> **Records to process**:

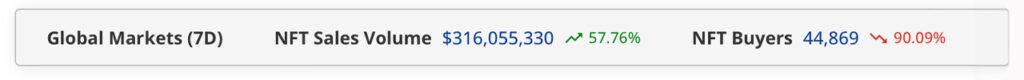 Last week’s NFT sales were approximately $316 million. Despite this increase, the number of buyers and sellers dropped significantly, by 90.09% and 88.31% respectively, according to cryptoslam.io’s seven-day data.
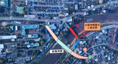 橋もかなり老朽化し、白川拡張に伴って橋の付け替え工事が行われることに。龍神橋の隣に新しい橋を掛ける工事が始まりました。
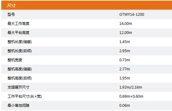● 工作高度:14.00m
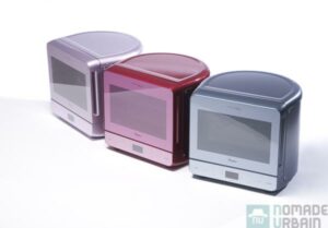 Une jolie forme, arrondie dans le dos, et un effort a été réalisé sur la façade qui me fait plus penser à un téléviseur qu’à un four. Surtout avec ses commandes sensitives juste sous la porte. Il offre une capacité de 13 L et un plateau de 28 cm de diamètre, équivalent à celle d’un 23 L classique. Pourtant, il occupe 25 % de volume en moins, il est donc plus facile à caser.
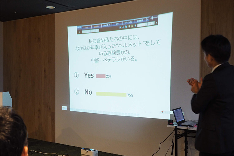 続いて、RENOSYの設計と施工を担当する前田より、工務店のみなさまに安全対策および安全への意識について、レクチャーを実施しました。
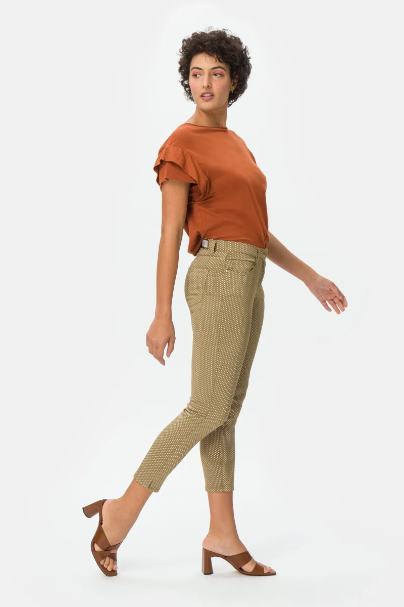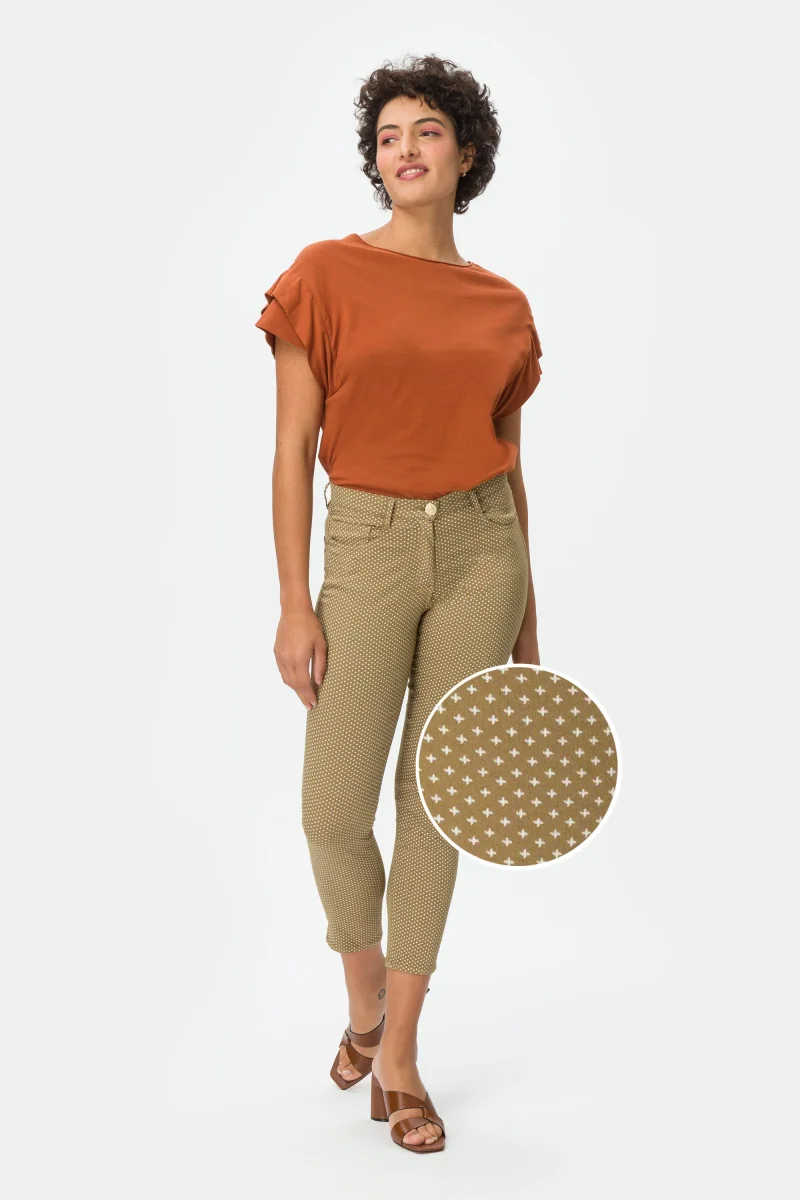 Pantalone Donna SlimCotone super stretch Peso tessuto: primavera/estate Pantalone slim in cotone super stretch con micro fantasia. Fit slim, lunghezza sopra la caviglia con chiusura zip e bottone. Questo modello รจ costruito con vita elasticizzata, con comode tasche e pences per una vestibilitร perfetta. La forma del pantalone aderente segue la figura e slancia la […]
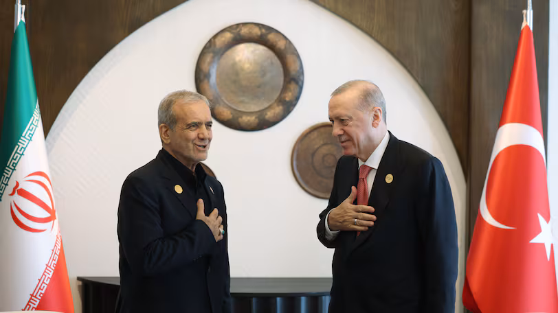 مسعود پزشکیان، رئیسجمهور ایران (سمت چپ) و رجب طیب اردوغان، همتای ترکیهای او، در نشست سران سازمان همکاری اقتصادی (اکو) در خانکندی، آذربایجان؛ ژوئیه ۲۰۲۵.
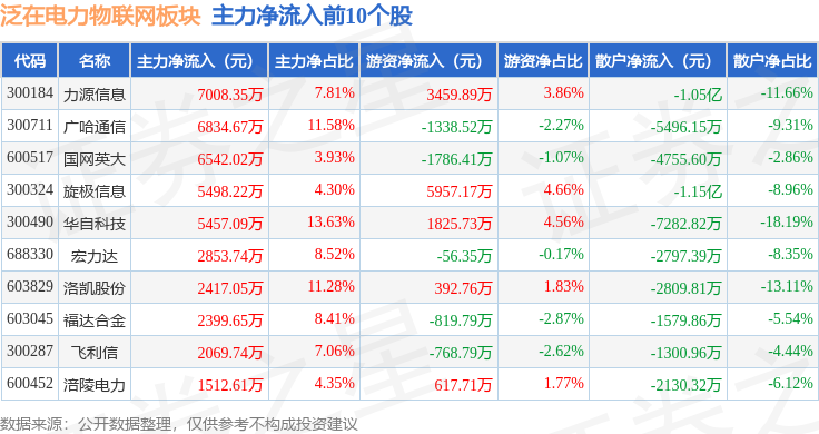 从资金流向上来看,当日泛在电力物联网板块主力资金净流出66.15亿元,游资资金净流入14.91亿元,散户资金净流入51.24亿元。泛在电力物联网板块个股资金流向见下表:
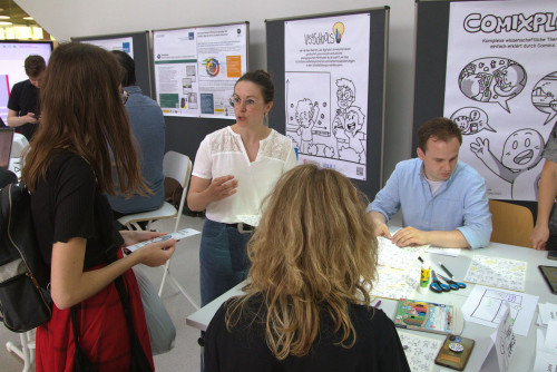 Next to the programme at the city center, also the St. Pölten UAS campus turned into the place to be for science-interested visitors. On 21 May, an interactive Science Fair made it possible for anyone interested to find out more about the research done in Lower Austria and beyond, with booths covering topics like vertical indoor farming, dietary choices for maintaining healthy joints, or bringing data to life. A well-visited science communication workshop, titled "Public Engagement with Science", taught participants how to communicate complex and sometimes hard to understand scientific topics to a broad audience in a fun, easy-to-grasp way. Various tours through the St. Pölten UAS labs, such as the rail lab, the audio lab, the TV studio or the health labs, as well as a research speeddating session, provided a varied programme for the visitors. In the evening, a Science Pub Quiz invited attendees to test their knowledge in a competitive but fun setting, as the St. Pölten UAS cinema turned into the stage for quiz hosts Ramona and Alex. Enjoying free drinks and various rounds of questions, the winning team got to take home hand-crafted and upcycled bags provided by the E³UDRES² Ent-r-e-novators team.
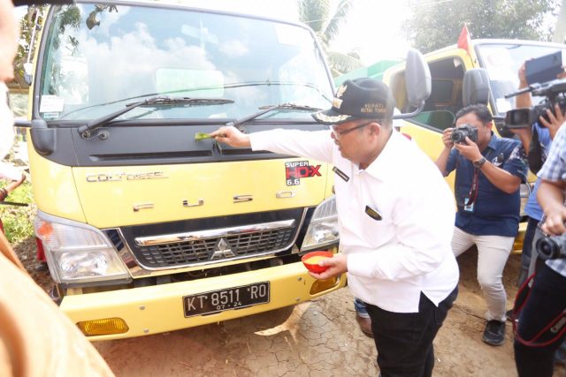 BENGALON – Sebanyak 6 unit kendaraan truk tangki dari anggaran Pendapatan Asli Desa (PADes) Tepian Langsat diserahkan saat kunjungan kerja Bupati Ismunandar beserta jajarannya. Truk itu, difungsikan sebagai pengangkut CPO perusahaan kemudian dikelola oleh masyarakat desa. Agar kedepannya masyarakat desa menjadi mandiri dan dapat bekerja sama dengan perusahaan sawit disekitar wilayah Bengalon utamanya di Desa Tepian Langsat.
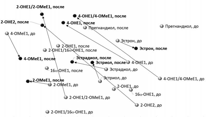 В течение 1 мес пациентки с ФКМ получали 7-HMR по 30 мг 2 раза в сутки. В результате приема 7-HMR отмечены комплексные изменения концентраций метаболитов эстрогенов в суточной моче. Для представления динамики этих изменений в целом мы построили метрические карты, точки которых соответствуют определенным метаболитам (рис. 2).
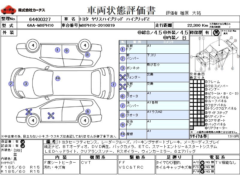 フル装備 / CD / エアバッグ / 助手席エアバッグ / サイドエアバッグ / ABS / トラクションコントロール / クルーズコントロール / カーナビゲーション(オンダッシュ) / バックカメラ / ETC / スマートキー / ウインカーミラー / リアスポイラー /
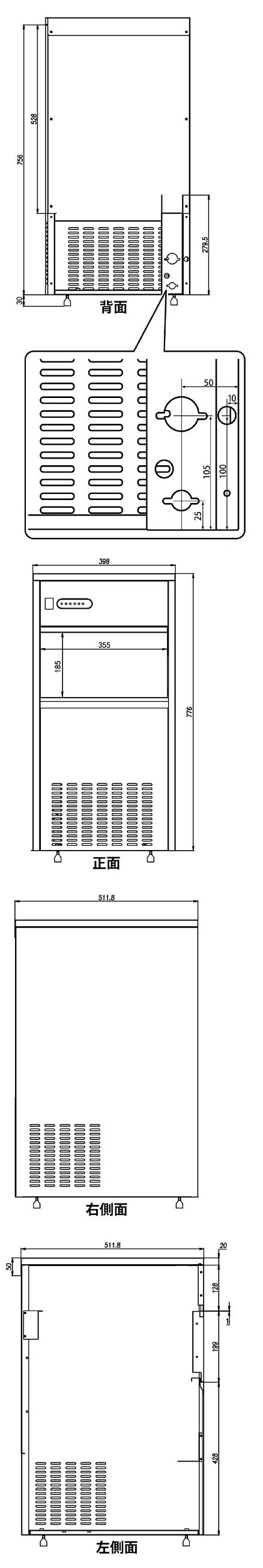 | ■特長 ●取り出し口の扉はスライドしながら上部に収納。 ●保健室などで、アイシング用や、夏場の熱中症対策に。 ●氷嚢にも入れやすい異形氷。 ●置きやすくちょうどいい25Kgタイプ。 ●サビや腐食に強いステンレスボディ。 ※飲食用としてのご利用はできません。 ※業務用(一般家庭でのご使用はできません。) ※給水・排水工事が必要です。 ■寸法図 ![]() ![]() ■仕様
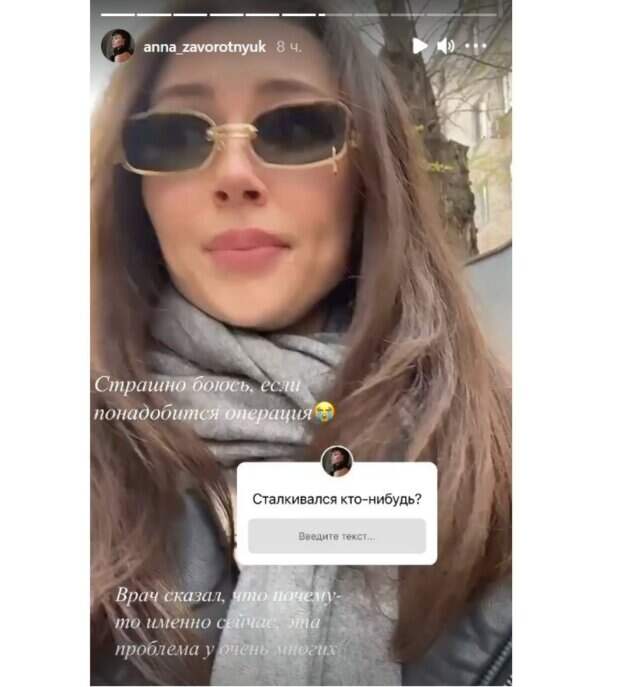 По словам наследницы звезды сериала «Моя прекрасная няня», левый глаз у нее покраснел, скорее всего, из-за аллергии, но капли и мази эффекта не дают. В настоящее время веко сильно распухло, девушке даже приходится надевать очки на улице. "Уже почти три недели так хожу, не представляю на сколько хватит терпения", - поделилась Анна. Дочь Заворотнюк боится хирургического вмешательства и советуется с подписчиками, что делать. "Страшно боюсь, если понадобится операция... Врач сказал, что почему-то именно сейчас эта проблема у очень многих", - сообщила девушка. "У моего ребенка был, тоже говорили, что надо будет удалять, но мы справились. Долго, правда, лечили, но помогла мазь и капли"; "У Ани Седоковой так же, недавно оперировали...", - пишут ей в комментариях. Напомним, Анастасия Заворотнюк более двух лет борется с онкологией. Ей диагностировали глиобластому. Это одна из самых агрессивных опухолей головного мозга. О своей страшной болезни актриса узнала спустя несколько месяцев после появления на свет третьего ребенка. Пройдя через несколько операций и реабилитацию, в настоящее время появилась информация, что актриса уже начала выходить на улицу, чтобы подышать свежим воздухом. Близкие ограждают ее от лишнего внимания со стороны журналистов, поэтому все эти года Анастасия хранит молчание, не разу не дав комментарий о своем состоянии. Напомним, сын онкобольной Заворотнюк опубликовал трогательное видео с подарком матери: "нет ничего невозможного" Как сообщала Politeka, дочь Заворотнюк не сдержалась и похвасталась квартирой в центре Москвы, съехала от больной раком мамы: "Я специально..." Также Politeka писала, что дочь Анастасии Заворотнюк впервые раскрыла всю правду о болезни мамы: "Не могу больше притворяться..."
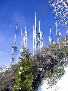 An antenna farm, satellite dish farm or dish farm is an area dedicated to television or radio telecommunications transmitting or receiving antenna equipment, such as C, Ku or Ka band satellite dish antennas, UHF/VHF/AM/FM transmitter towers or mobile cell towers.[1][2][3][4] The history of the term "antenna farm" is uncertain, but it dates to at least the 1950s.[5]
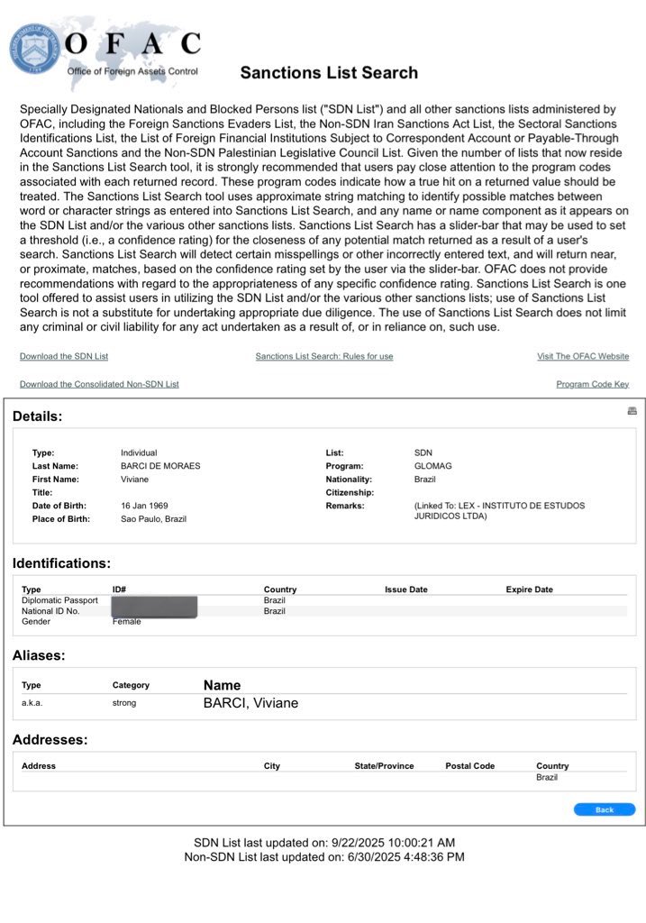 O governo dos Estados Unidos anunciou nesta segunda-feira (22.set.2025) que a esposa do ministro Alexandre de Moraes, Viviane Barci de Moraes, também foi incluída na lista da Lei Magnitsky Global, mecanismo usado contra estrangeiros acusados de corrupção ou violações de direitos humanos. A decisão foi publicada pelo Departamento do Tesouro norte-americano e aumenta ainda mais o isolamento do ministro e de sua família no cenário internacional.
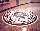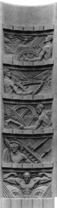 Surrounding the base of the monument is a terrazzo floor embedded with a "star map". The map depicts the Northern Hemisphere sky at the moment of President Roosevelt's dedication of the dam. This is intended to help future astronomers, if necessary, calculate the exact date of dedication. The 30 feet (9.1 m) high bronze figures, dubbed "Winged Figures of the Republic", were each formed in a continuous pour. To put such large bronzes into place without marring the highly polished bronze surface, they were placed on ice and guided into position as the ice melted. Hansen's bas-relief on the Nevada elevator tower depicts the benefits of the dam: flood control, navigation, irrigation, water storage, and power. The bas-relief on the Arizona elevator depicts, in his words, "the visages of those Indian tribes who have inhabited mountains and plains from ages distant."
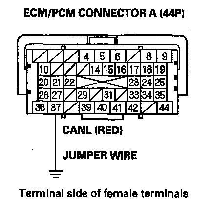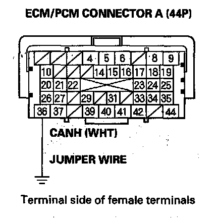 21. Remove the jumper wire from ECM/PCM connector A(44P).
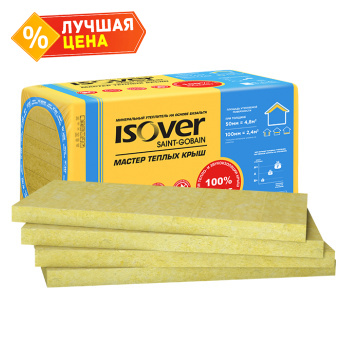 Isover (Изовер) Master of Warm Roofs (Мастер Теплых Крыш) 50x600x1000 – это высококачественный минеральный утеплитель на основе стекловолокна, предназначенный для эффективной теплоизоляции крыш и мансард. Этот продукт сочетает в себе отличные изоляционные свойства, простоту монтажа и долговечность, делая его идеальным выбором для создания комфортного микроклимата в жилых и коммерческих помещениях. С толщиной 50 мм и размерами плит 600x1000 мм, он обеспечивает надежную защиту от холода, жары и шума, способствуя энергосбережению и снижению затрат на отопление.
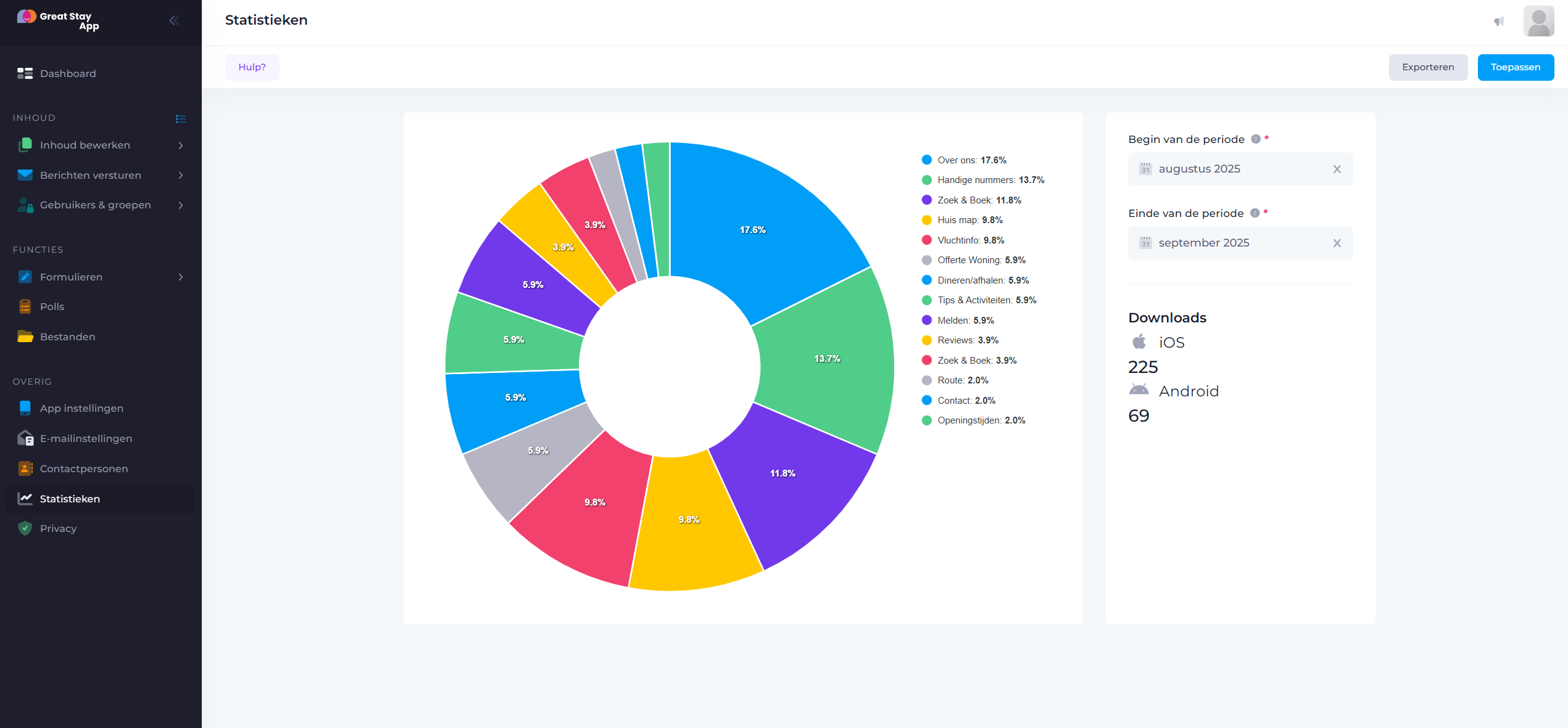 Press “App statistics” at the top of the page to download a more detailed Excel file. This file shows you exactly how often all sections have been opened (per month). You can set the period yourself (start month and last month).
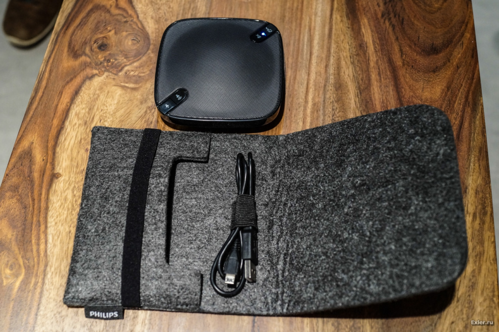 Полезная штука - беспроводная колонка для конференц-связи. Из нее идет звук, вокруг нее может сидеть несколько человек и разговаривать с собеседниками на другом конце. Лет пять назад мне похожую штуку китайцы привозили - я ее использовал некоторое время. Правда, там дизайн был не в пример похуже.

> **Directions**:
Go to the line above that contains "مسعود پزشکیان، رئیسجمهور" and reproduce everything exactly from there through the line that contains "Next to the", leaving out the pictures.

> **Result of the exercise**:
 مسعود پزشکیان، رئیسجمهور ایران (سمت چپ) و رجب طیب اردوغان، همتای ترکیهای او، در نشست سران سازمان همکاری اقتصادی (اکو) در خانکندی، آذربایجان؛ ژوئیه ۲۰۲۵.
 从资金流向上来看,当日泛在电力物联网板块主力资金净流出66.15亿元,游资资金净流入14.91亿元,散户资金净流入51.24亿元。泛在电力物联网板块个股资金流向见下表:
 Next to the programme at the city center, also the St. Pölten UAS campus turned into the place to be for science-interested visitors. On 21 May, an interactive Science Fair made it possible for anyone interested to find out more about the research done in Lower Austria and beyond, with booths covering topics like vertical indoor farming, dietary choices for maintaining healthy joints, or bringing data to life. A well-visited science communication workshop, titled "Public Engagement with Science", taught participants how to communicate complex and sometimes hard to understand scientific topics to a broad audience in a fun, easy-to-grasp way. Various tours through the St. Pölten UAS labs, such as the rail lab, the audio lab, the TV studio or the health labs, as well as a research speeddating session, provided a varied programme for the visitors. In the evening, a Science Pub Quiz invited attendees to test their knowledge in a competitive but fun setting, as the St. Pölten UAS cinema turned into the stage for quiz hosts Ramona and Alex. Enjoying free drinks and various rounds of questions, the winning team got to take home hand-crafted and upcycled bags provided by the E³UDRES² Ent-r-e-novators team.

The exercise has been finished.